Wyld Ospina, Carlos (1891–1956)
Wyld Ospina, Carlos (1891–1956)
Carlos Wyld Ospina (b. 19 June 1891; d. 17 June 1956), Guatemalan writer and journalist, member of the influential Generation of 1920. Wyld was born in Antigua to wealthy parents, Guillermo Wyld and Soledad Ospina. Largely self-taught, he began to write romantic poetry at an early age. As a novelist he is regarded as a chief exponent of criollismo, a literary movement devoted to denouncing social evils and to promoting national regeneration. Among his most notable works in this vein are El solar de los Gonzaga (1924; Ancestral Home) and La gringa (1935).
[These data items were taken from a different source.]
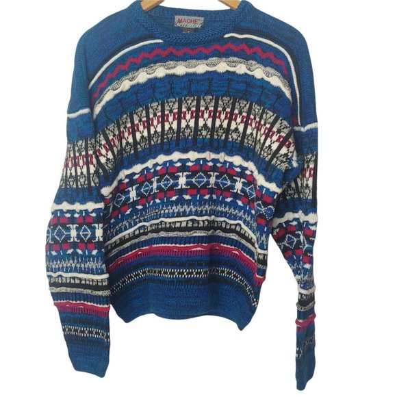 Vintage 90s Mache Men M Oversized Sweater Pullover Textured Knit Geometric Blue
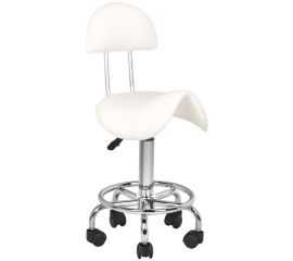 a comfortable, stable cosmetic stool with a backrest, with a profiled seat, on a five-star base with plastic wheels. available in white, a necessary piece of furniture in a beauty salon. package dimensions 40x40x23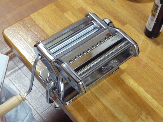 新兵器のパスタマシン。こういうものを買うことになったきっかけは、下の娘がお年玉でおもちゃのパスタマシーンを買おうと考え出したこと。それならパパが本物を買ってあげると言って(ホントはパパも欲しかったので)手配したのですが、娘はパパにお金を払って自分のものにする気でいます。イタリアの有名メーカーの製品ですが、合羽橋の問屋から取り寄せたので、実はおもちゃのパスタマシンより値段が安い。切り分けて手で平らにし、パスタマシンにかける準備。伸ばしているところ。これは楽しい。ローラーの幅を狭めながら、何段階かで麺を伸ばして行くと、かなり長いものになります。出来上がったパスタ・フレスカ。皆興奮していて、カットしているところの写真は撮り忘れました。少し時間はかかりますが、週末に皆で楽しみながら作るには良い道具ですね。美味しいパスタの完成!最初のソースはオーソドックスなポモドーロ。もちろん自家製です。それでは、いただきます。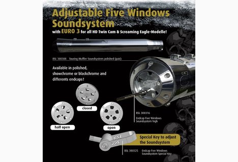 BSL Auspuffanlagen werden je nach Modell mit einem Krümmer Durchmesser von 2 1/4" (ca. 5,72 cm) am Zylinderanschluss bis 2 1/2" gefertigt. Der Endtopf bei den Euro 2 und Sportster BSL Auspuffanlagen hat einen Durchmesser von ca 62mm, Der neuen Euro 3 BSL Auspuffanlagen einen Durchmesser von ca. 70mm.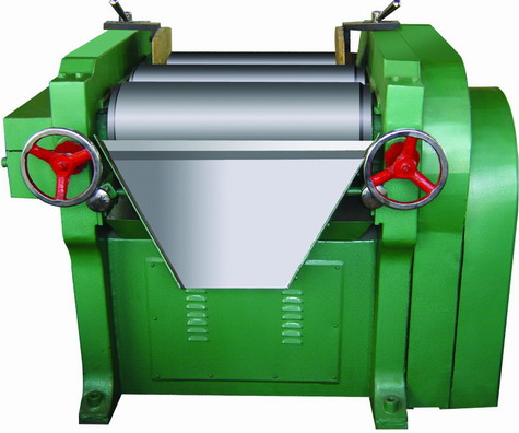 三輥研磨機(jī)是通過水平方向排列的三根輥筒不等速旋轉(zhuǎn)相互擠壓,使得相鄰軋輥產(chǎn)生強(qiáng)烈剪切力,從而磨擦、剪切,完成對(duì)漿料的研磨。

In his short stories, such as "La tierra de las Nahuyacas" (1933; "The Land of the Nahuyacas"), he was among the first to depict realistically the wretched condition of the Indian majority, thus becoming a precursor of the Indigenista movement.
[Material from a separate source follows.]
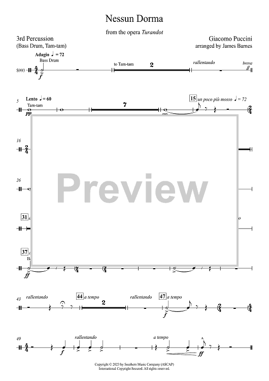 "Nessun Dorma from the Opera Turandot - Percussion 3" Sheet Music by Giacomo Puccini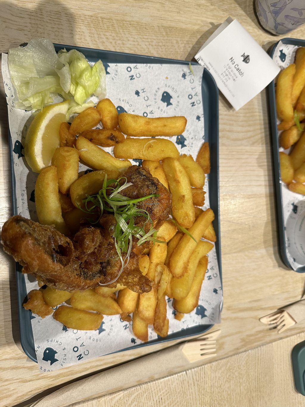 tofish bites (5.99£) and franks hot sauce (0.59£)

It was in Mexico that Wyld established himself as a journalist of note, becoming the editor of the paper El Independiente (1913–1914). Upon his return to Guatemala, he settled in Quetzaltenango, where he taught literature and worked as the editor of Diario de Los Altos. In 1920 he founded, in association with the writer Alberto Vásquez, El Pueblo, the organ of the Unionist Party in which he bitterly criticized the Guatemalan dictator Manuel Estrada Cabrera. He also founded the cultural magazines Estudio (1922) and Semana (1939), and from 1922 to 1925 worked as the editor of the prominent newspaper El Imparcial. He married Amalia Cheves, a noted poet from Cobán. From 1937 to 1942, he served as deputy in the National Assembly. He died in Quetzaltenango while serving as director of the Bank of the West.
See alsoLiterature: Spanish America .
BIBLIOGRAPHY
Francisco Albizúrez Palma and Catalina Barrios y Barrios, Historia de la literatura guatemalteca, vol. 2 (1981), pp. 97-108.
Carlos C. Haeussler Yela, Diccionario general de Guatemala, vol. 3 (1983).
Additional Bibliography
Arias, Arturo. La identidad de la palabra: Narrativa guatemalteca del siglo veinte. Guatemala: Artemis & Edinter, 1998.